[SUPPLIED MATERIAL Boundary: Start]

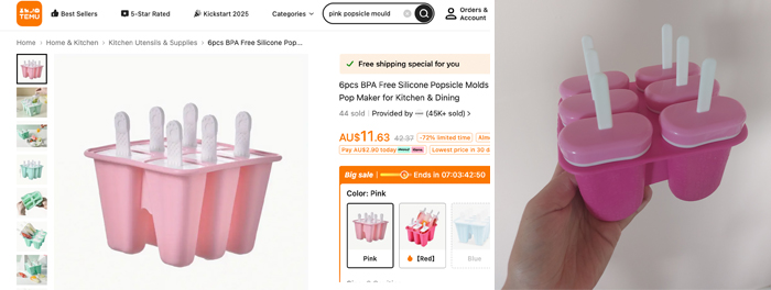 LEFT: Temu sells these popsicle molds for just over $11 each – shipped from China. RIGHT: I got this cute set from my local op shop for $2.
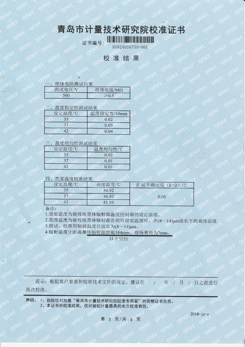 額溫計(jì)黑體空腔校準(zhǔn)證書 2024-4-16 本文被閱讀 7579 次
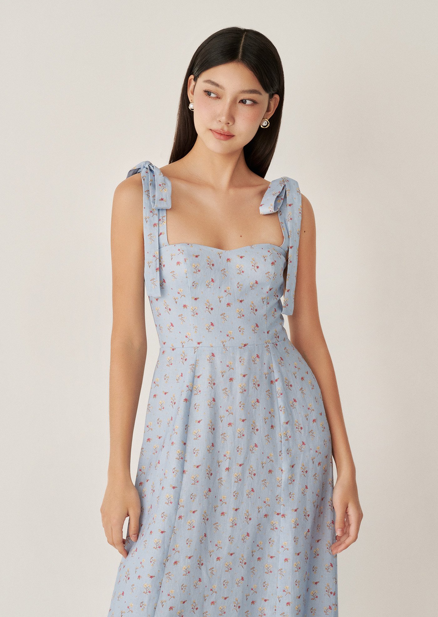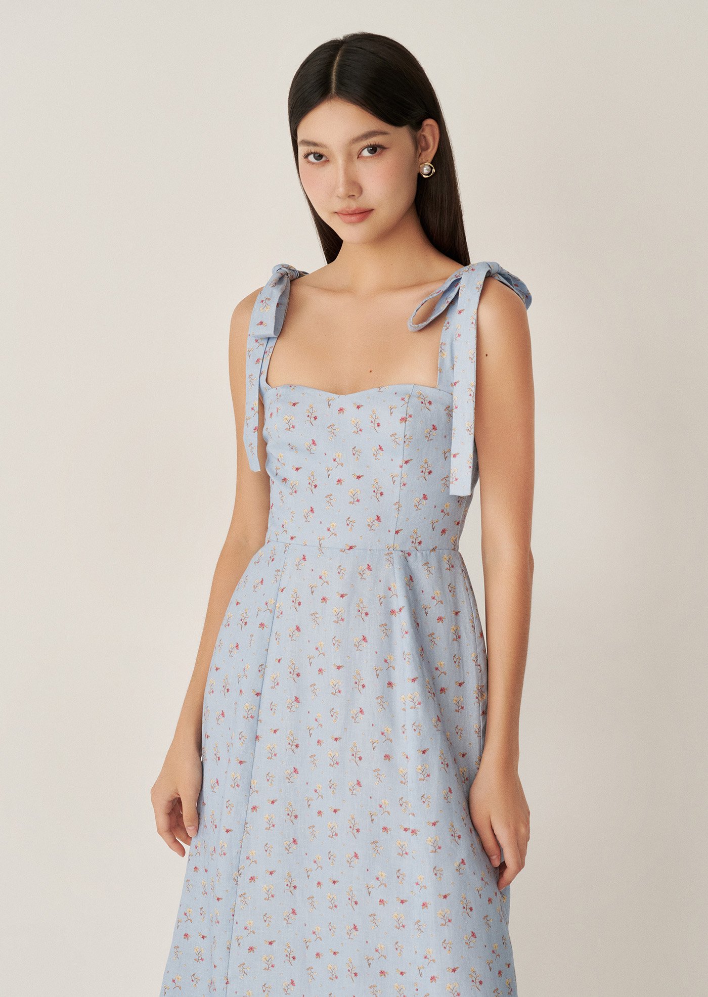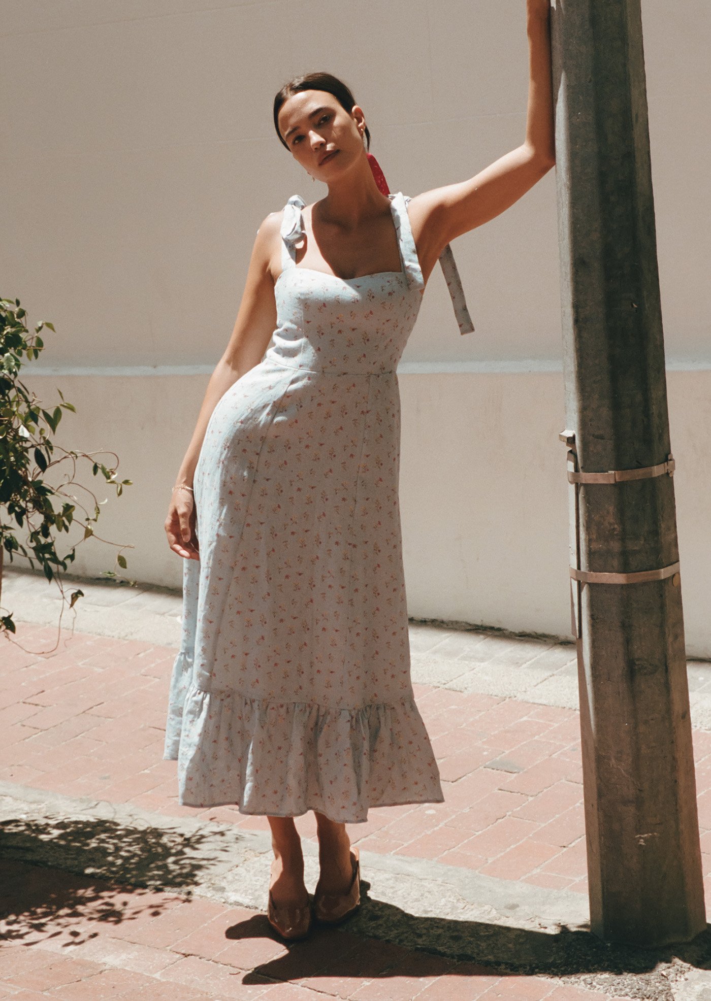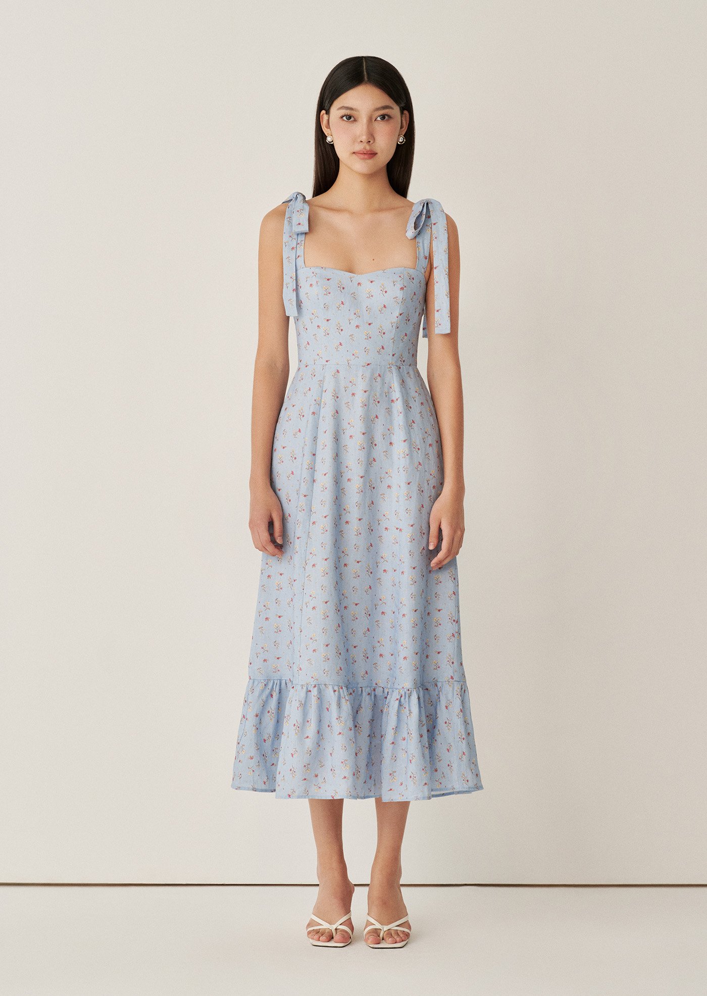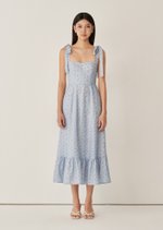 The Jess Midi Dress features delicate shoulder ties, a fitted bodice with gentle shaping, and a flowy midi skirt that moves beautifully with every step. Designed to feel light on the skin and easy to wear, it’s a piece made for sunlit days and unhurried moments.
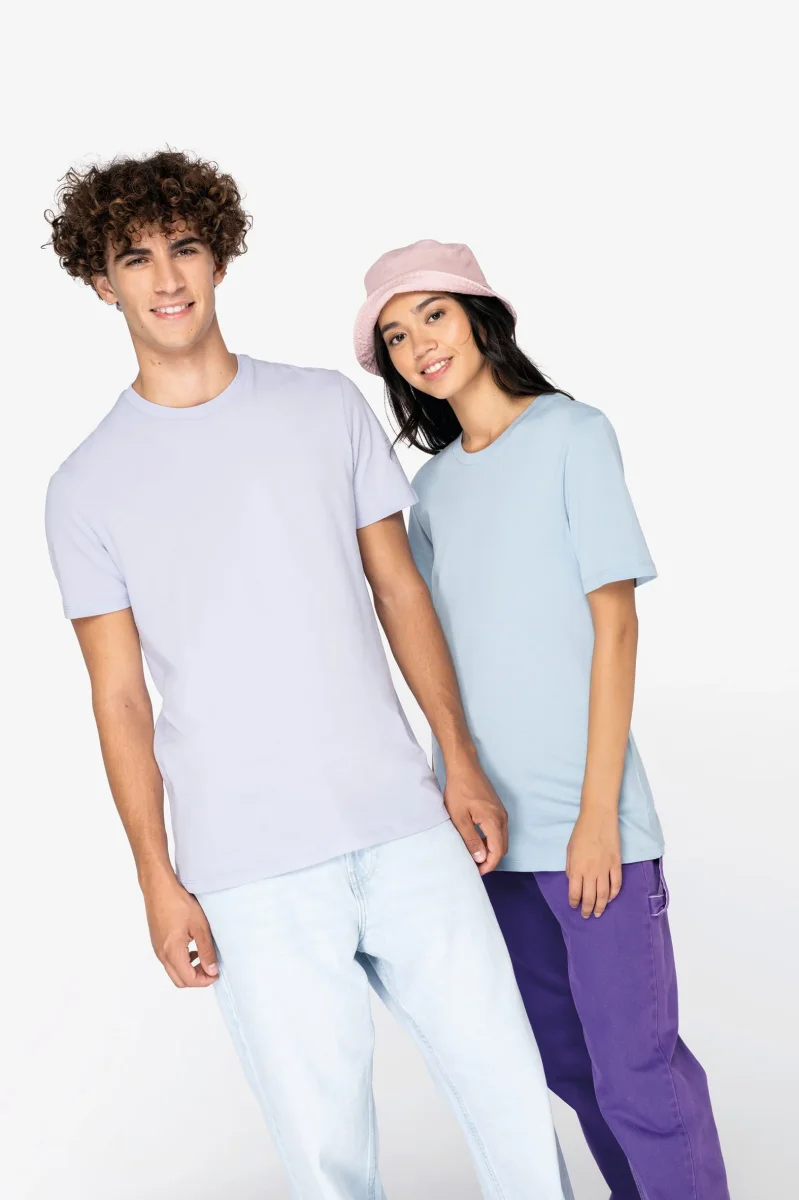 Coton peigné. Encolure ronde en bord-côtes avec élasthanne. Bande de propreté ton sur ton à l’encolure. Coupe Tubulaire. Finition double aiguille bas de manches et bas de vêtement.

[SUPPLIED MATERIAL Boundary: End]

REQUIREMENT
Every line from the one with "The Jess Midi" through the last line of the data must be copied exactly. Leave the pictures out.

EXERCISE RESULT
 The Jess Midi Dress features delicate shoulder ties, a fitted bodice with gentle shaping, and a flowy midi skirt that moves beautifully with every step. Designed to feel light on the skin and easy to wear, it’s a piece made for sunlit days and unhurried moments.
 Coton peigné. Encolure ronde en bord-côtes avec élasthanne. Bande de propreté ton sur ton à l’encolure. Coupe Tubulaire. Finition double aiguille bas de manches et bas de vêtement.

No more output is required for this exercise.